# Project: Mental health in Switzerland


@oth: Describe getting the dataset from the cluster...

We quickly import the libraries to be used later:

In [None]:
import numpy as np
import pandas as pd
import pyspark as ps
import matplotlib.pyplot as plt

from pandas.io.json import json_normalize
import json

## 1. dataset selection & analysis

The goal of this first analysis is to familiarize ourselves with the dataset inorder the know if we need to adapt our research question or enrich the dataset with external information in order to preform our analysis.

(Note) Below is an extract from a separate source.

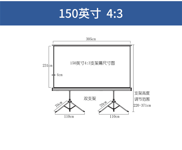 商品标题:红叶150英寸支架幕投影幕布4:3(72型)(付)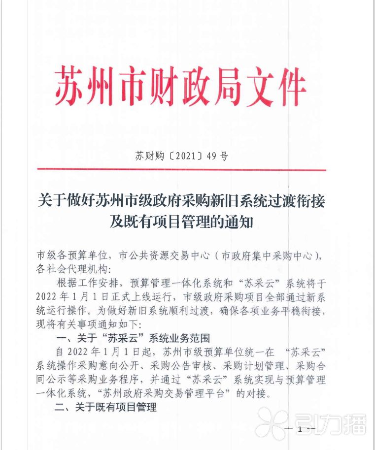 据介绍,自今年1月1日起,苏州市级预算单位统一在“苏采云”系统操作采购意向公开、采购公告审核、采购计划管理、采购合同公示等采购业务程序,并通过“苏采云”系统实现与预算管理一体化系统、“苏州政府采购交易管理平台”的对接。

We were provided two separate datasets containing swiss tweets. They were formated differently and contained different fields and while one was over the duration of multiple years the other only covers a span of 10 months.
We performed an analysis of both in order to be able to decide which one should be used in out project.
After the analysis both sets we decided to use **dataset 2** for our project.

While dataset 1 containes more precise location information in the form of longitude and latitude, dataset 2 contains a sentiment analysis field as well as a language field.

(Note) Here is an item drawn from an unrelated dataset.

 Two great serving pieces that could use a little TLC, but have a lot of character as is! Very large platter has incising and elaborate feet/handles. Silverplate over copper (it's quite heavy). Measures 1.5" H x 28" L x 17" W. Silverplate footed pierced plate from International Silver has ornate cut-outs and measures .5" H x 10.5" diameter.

As trying to categorize the language of each tweet in dataset 1 was quite computationaly expensive –having to deal with network latency of api requests– and a lot of preprocessing was necessary to get it to work, dataset 2 containing this field puts it at a clear advantage.

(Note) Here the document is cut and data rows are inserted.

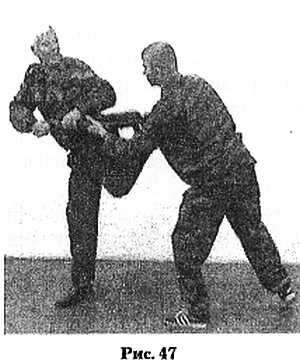 Действие данного удара усиливает опрокидывающий момент нападающего (рис. 97)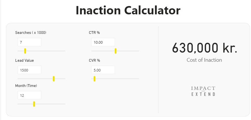 Med hjælp fra min kollega Rasmus Christiansen har jeg lavet en beregner, som gør det nemmere for dig at forstå, hvad du kunne have tjent ved at rykke på SEO. Jeg kalder den "Cost of Inaction"-beregneren, som er et udtryk jeg først hørte om fra SEO-eksperten Heather Physioc.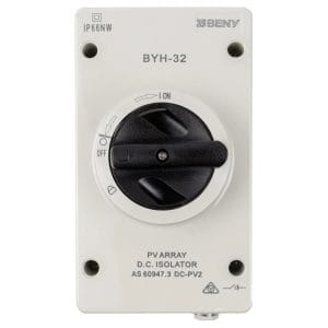Professional-grade BENY BYH-32 DC isolator switch with IP66 weather protection. Available in 2-pole and 4-pole configurations, rated for 1000V DC 32A. Perfect for outdoor solar PV installations requiring reliable DC
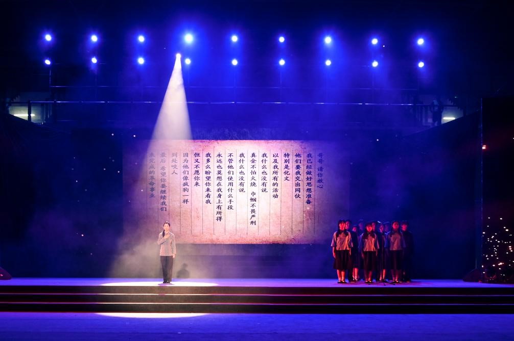 在主题教育“再读红岩”汇报展演环节,重工师生用朗诵《再读红岩》、歌曲《红梅赞》、情景表演《我的自白书+狱中八条》、舞蹈《心中的那抹红》、朗诵《红岩家书》、舞蹈《绣红旗》、情景表演《与新时代重工青年对话》、合唱《不忘初心》、情景表演《梦里》、舞蹈《魅力“新”重庆》、朗诵《红旗颂》为大家带来了一场精彩绝伦的汇报展演。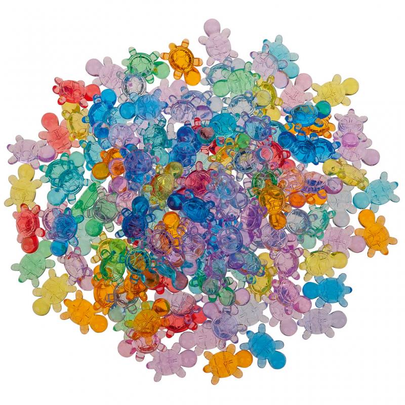 Die farbenfrohen kleinen Deko Schildkröten bringen Freude in jedes Bastelprojekt. Das Set enthält etwa 130 kleine Schildkröten aus robustem Kunststoff (PS), in verschiedenen Farben. Mit einer Größe von 36 x 24 x 11 mm eignen sie sich ideal zum individuellen Dekorieren, Spielen oder Gestalten.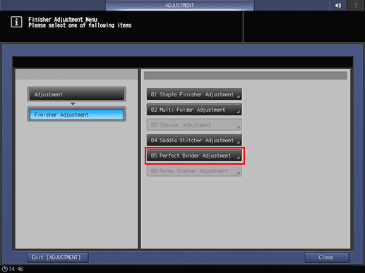 Press [Perfect Binder Adjustment] on the [Finisher Adjustment] menu.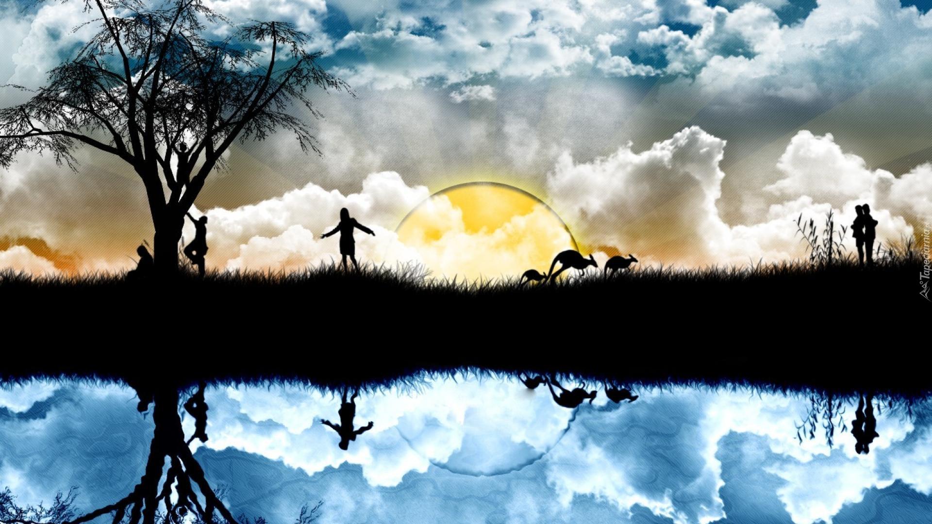 Edytor tapety: Ludzie, Drzewo, Rzeka, Odbicie, Słońce, Chmury, Grafika

We now provide a quick overview of dataset 1.

### dataset 1 (twitter-swisscom)

The dataset comes with a *txt schema*, giving us an idea of what each column in the *tsv file* containing the tweets represents. A sample file was given, but we optained the complete set of tweets (5gb) via a .zip.

The dataset contains the following usefull columns:

- userId : id identifying user
- createdAt : time of posting tweet
- text : content of tweet
- placeLatitude : latitude of tweet
- placeLongitude : longitude of tweet
- sourceName : username
- sourceUrl : url of tweet
- followersCount : number of followers
- friendsCount : number of mutuals
- statusesCount : number of statuses of user

the sample dataset contains a lot of nan values, and each column contains at least 1% or more nan values.

The complete analysis and code can be found in the [Basic Exploration dataset 1 notebook](Basic%20Exploration%20Dataset%201.ipynb)

### data set 2 (from Spinner)

This dataset has a elaborate description of each field available at the [spinn3r website](http://docs.spinn3r.com/?Example#content-schema).
Unlike the previous dataset, this dataset is given in json format.

To deal with the amount of data present in the cluster we look at one day to perform our first analysis and then show how to scale up.

The format of this dataset is a nested json that we could not find how to extract dirrectly using the read json funtion provided. We thus use a json normalizer contained in the pandas libary to extract it. We will later see that spark deals better with nested json.

The fields found in this dataset are:

In [None]:
EXAMPLE_PATH = 'swiss-tweet/example.json'

with open(EXAMPLE_PATH) as data_file:    
    data = json.load(data_file)

twitter_df = json_normalize(data)
#rename columns for convenience
twitter_df.columns = [ column.replace('_source.','') for column in twitter_df.columns]
twitter_df.columns

Out of these columns, the one we can use are:
- main: contains the content of the tweet
- published: gives the time on which the content was posted
- source_spam_probability: probability of tweet being spam
- source_location: location of tweet
- tags: tags associated with tweet, as provided by spinn3r
- lang: language of tweet
- sentiment: sentiment score of tweet -POSITIVE, NEGATIVE, NEUTRAL-
- author_gender: gender of author -MALE, FEMALE, UNKNOWN-
- source_followers: followers of user who tweeted
- source_following: number of mutual followers

In [None]:
columns = ['main', 'published', 'source_spam_probability', 'source_location', 'tags', 'lang', 'sentiment',
                   'author_gender', 'source_followers', 'source_following']
twitter_df = twitter_df[columns]

We now look at general distributions in this dataset. While this example isn't representative when it comes to the tweets –especially given it contains tweets of the 1th of january– it can still give us insights on the other fields.

We assume that roughtly the same categories of users were active on that day, so we can draw conclusions on the distribution of language, gender.

The language distribution is the following:

In [None]:
twitter_df['lang'].value_counts()

We see that english, french and german are most frequent. This is good as those are the languages we plan on using.

We now look at the distribution of gender in the dataset:

In [None]:
twitter_df['author_gender'].value_counts()

We see that most accounts do not seem to contain this information.  But there are still a lot that do, so we could use the ones that do to look at differences between gender, although it would not give use an unbiased set, as the type of user declaring their gender on twitter may be different than those who chose not to.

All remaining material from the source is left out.